The Woodcut
Artist Harry Kernoff, Harry Kernoff in the Thirties produced illustrations and stark woodcuts on radical labour themes, with portraits such as the disillusioned unemployed or workers trying to break free from the shackles of capitalism. Some of these appeared in the newspaper of the left republican group, Republican Congress. Not only did he compose the striking cover of his friend Leslie Daiken’s edited anthology Goodbye, Twilight!, he also provided illustrations for Fifty Years of Liberty Hall: the Golden Jubilee of the Irish Transport and General Workers’ Union 1909-1959. His illustrations featured in an important anthology of Irish poetry, New Irish Poets: Representative Selections from the Work of 37 Contemporaries, from American publisher Devin Garrity, published in 1948.
Kernoff travelled to the USSR with the Irish section of the Friends of Soviet Russia, in the early 1930s as part of a delegation of Irish visitors including Irish suffragist Hanna Sheehy-Skeffington.
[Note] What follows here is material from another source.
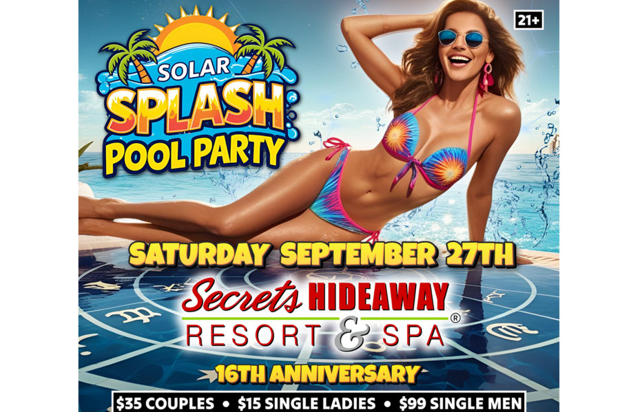 Soak up the heat and dive into the fun at the "Solar Splash Pool Party" on Saturday, September 27th, from 10am – 5pm, as Secrets Hideaway continues its epic 16th Anniversary celebration! This high-energy, clothing-optional pool party is your chance to let loose under the blazing sun with tropical drinks in hand, top DJs spinning the hottest tracks, and the sexiest crowd in the lifestyle community turning up the heat. Whether you're floating, dancing, or tanning your buns, this is where the celebration truly explodes into full swing.

Before leaving the ship, he is reputed to have presented a portrait of James Connolly to the ships’ captain and crew. Kernoff recognized the radical potential of woodcuts, to produce striking images that would stay in the mind’s eye while communicating a direct political message. In his obituary in the Irish Times, in 1974, John Nolan dubbed Kernoff ‘The Artist of the Workers.’